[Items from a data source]
——
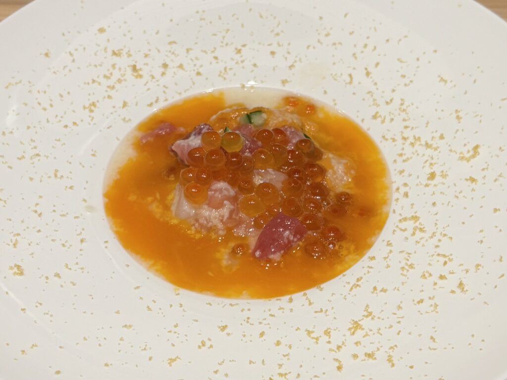 長芋ソースのとろみと鮮魚の旨みが融合し、カラスミの濃厚な塩味が全体を引き締める絶妙なバランス。
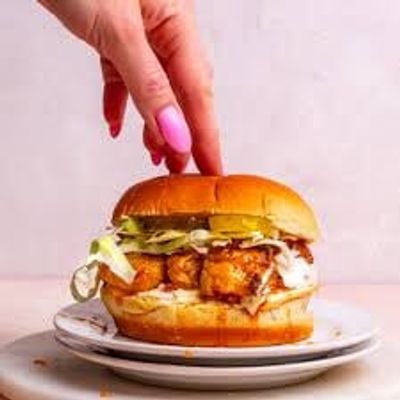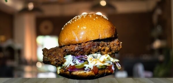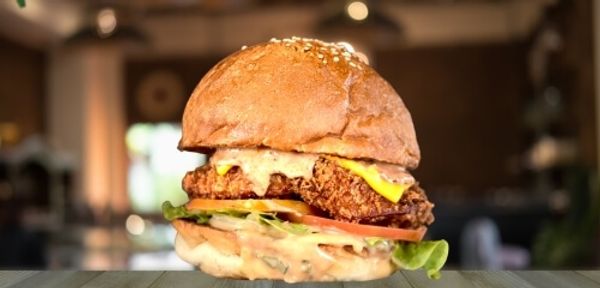 Chickpea Patty, Lettuce, Red Onions, Chilli Onion Jam, Jalepenos, Chilli Sauce, Sriracha Mayo
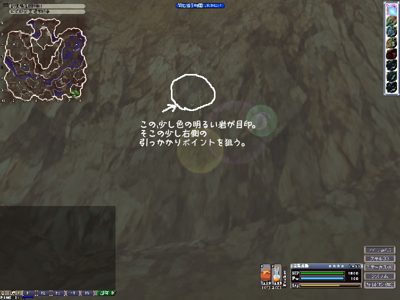 H-8の壁(左側の岩の少し右、壁全体のやや中央左)に
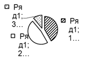 Рис. 3. Соотношение трофических групп почвенной мезофауны (% от общей биомассы): 1 – хищники, 2 – сапрофаги, 3 – фитофаги; А — лес, Б — болото, В — луг.
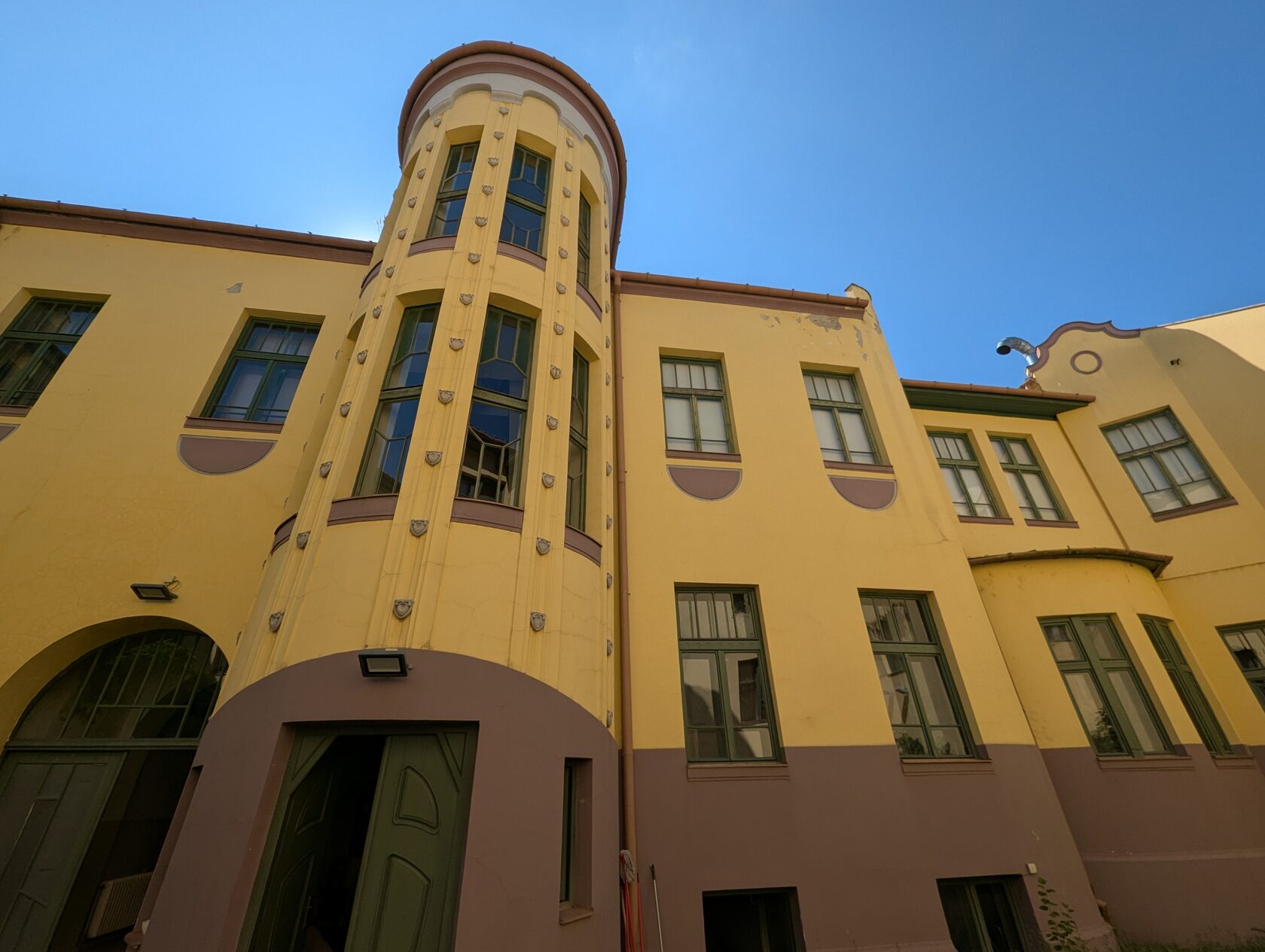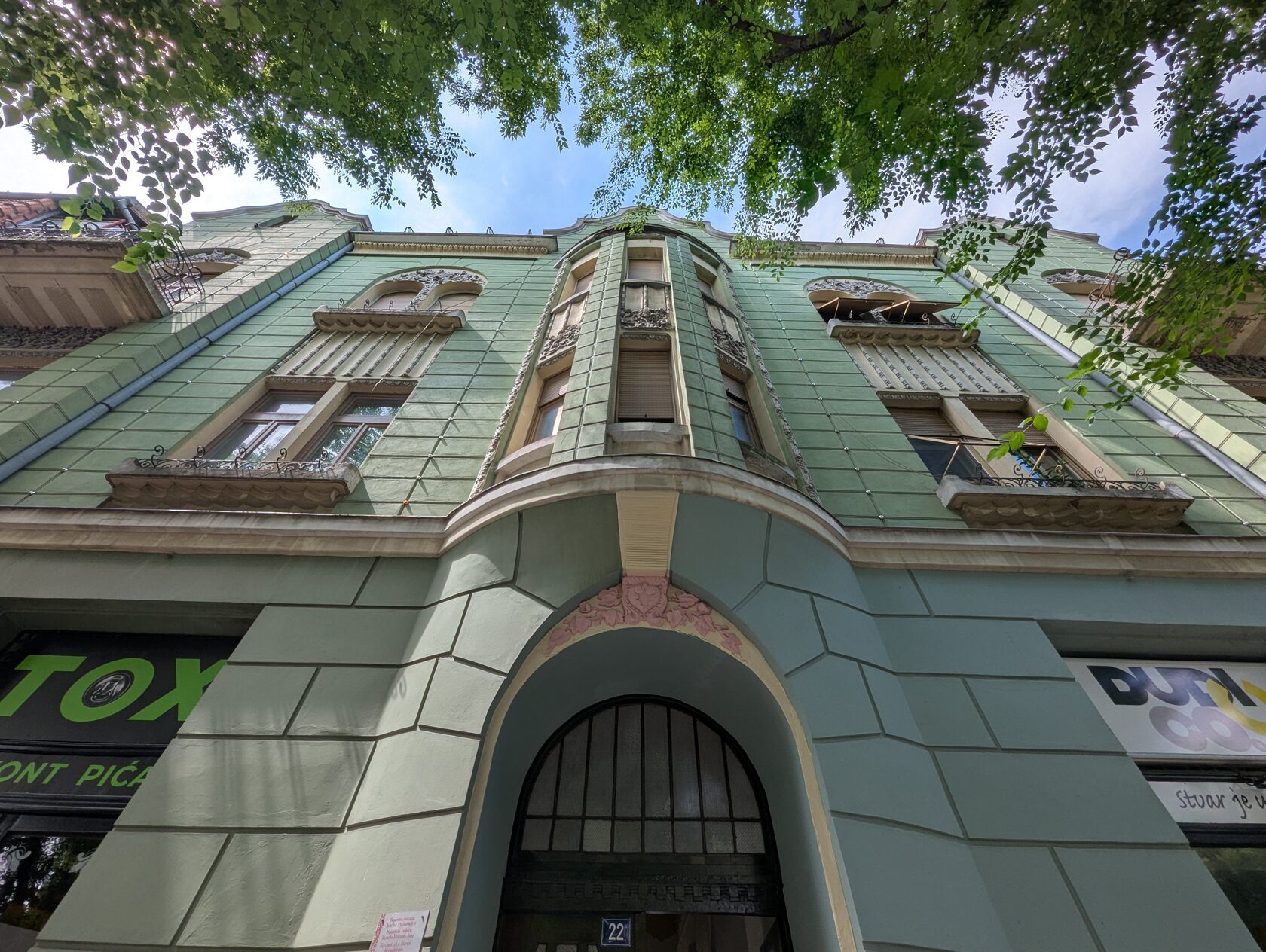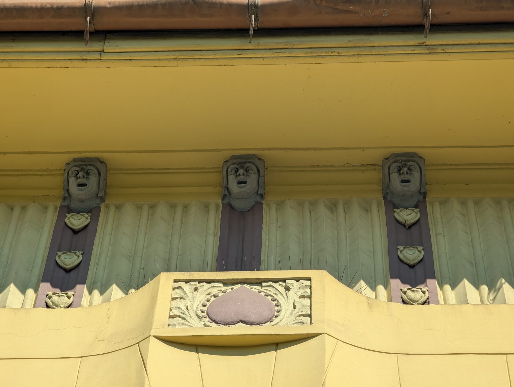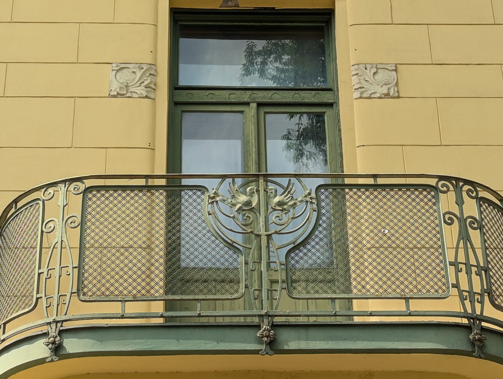 Жёлтое здание с сиреневым цоколем и украшениями на стенах, зелёными рамами, двумя эркерами, разными окнами, перевернутыми сердечками (как у Райхла) и маскароне под крышей, элементами и богатым декором , изображением птиц на балконе и двери - яркий образец венгерской сецессии.
——
**Assigned task**:
In the records above, locate the line containing "Chickpea Patty, Lettuce, Red", then copy exactly that line and every line after it through the end, omitting pictures.

**Task solution**:
 Chickpea Patty, Lettuce, Red Onions, Chilli Onion Jam, Jalepenos, Chilli Sauce, Sriracha Mayo
 H-8の壁(左側の岩の少し右、壁全体のやや中央左)に
 Рис. 3. Соотношение трофических групп почвенной мезофауны (% от общей биомассы): 1 – хищники, 2 – сапрофаги, 3 – фитофаги; А — лес, Б — болото, В — луг.
 Жёлтое здание с сиреневым цоколем и украшениями на стенах, зелёными рамами, двумя эркерами, разными окнами, перевернутыми сердечками (как у Райхла) и маскароне под крышей, элементами и богатым декором , изображением птиц на балконе и двери - яркий образец венгерской сецессии.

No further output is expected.